Firstly, it sounds very inefficient to concatenate onto the output string that many times (it would probably create a ton of temporary strings, whereas a smarter, lower-level interface to Perl strings could concatenate them all at once). That seems like it might be a design flaw of HTML::Parser
, but I'm not familiar with the alternatives in Perl (e.g., in .NET you have a StringBuilder
class).
Secondly, this makes it difficult to combine both effects without parsing twice. Instead of manipulating the tag text through an API, allowing multiple processes to have their turn, they just assume that they own the entire parser and modify the output string. Perhaps it would work though if we implemented a wrapper that checked the tag name and dispatched to each type of parser's methods... E.g., (this is a big hack just to demonstrate a POSSIBLE idea)
package HTML::StickyParams;
use parent qw/HTML::Parser/;
use HTML::FillInForm;
use HTML::StickyQuery;
sub new {
my ($class) = @_;
my $fif = HTML::FillInForm->new( ... );
my $stq = HTML::StickyQuery->new( ... );
my $self = bless { %$fif, %$stq }, $class;
$self->{fif_} = bless $self, ref $fif;
$self->{stq_} = bless $self, ref $stq;
return $self;
}
sub fif_ { shift->{fif_} }
sub stq_ { shift->{stq_} }
sub start {
my ($self, $tagname, $attr, $attrseq, $origtext) = @_;
my $child = do {
if($tag_name eq 'form') {
$self->fif_;
} elsif ($tag_name eq 'a') {
$self->stq_;
}
} or return;
$child->start(@_);
}
In theory something like that could work, but it would be a huge hack that could break when the internals of either package changed, and it would also depend on merging the state of HTML::FillInForm
and HTML::StickyQuery
into our own HTML::Parser
subclass and hoping that nothing collides...

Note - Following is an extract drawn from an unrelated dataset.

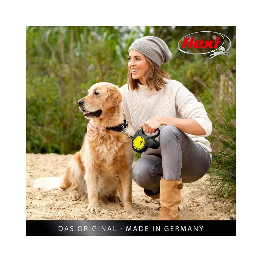 Automatic retractable leash, 5m long, for dogs up to 20 kg. Features a chromed metal carabiner for easy attachment to your dog's collar. Includes the new patented "Short-stroke" braking system with a shorter stroke length. Additionally, the leash has reflective side panels and a neon-colored tape, making walks during dark hours much safer. The automatically adjustable leash length allows your pet more freedom of movement.

A cleaner approach might be to patch both packages, split their methods (e.g., start
) into two: one that describes the work to do, and another that actually does it, preferrably through a standard method that translates some kind of object representation into the actual changes. But that's quite a lot of effort for this little bit. It might be easier to just copy both modules and merge them ourselves into a new package that doesn't depend on either. Then we'd control the code and they couldn't break it on us. The downside is duplicated code...
I hope that there's a much easier way that I'm missing...
I think that it is good that approach.
Hello,
As mentioned in the other issue I have been assigned this CPAN module as a pull request challenge assignment for January. I have begun attempting to tidy things up where I can. The work is currently a work in progress in my
wip/tidy
branch, which I am overwriting regularly (push -f).A snapshot has been pushed to
preview/tidy/1
(https://github.com/bambams/p5-Plack-Session-State-URI/tree/preview/tidy/1) which I will leave intact for your review (it is static). Please review it and let me know if there are any changes you like, changes you hate, and if there's some common ground to be met. I'd really appreciate you helping to steer me in the correct direction so my time isn't wasted and neither is yours. If there are things you want, but others you don't, let me know and I'll try to do the work of rebasing the branch until you're happy with it. Thanks.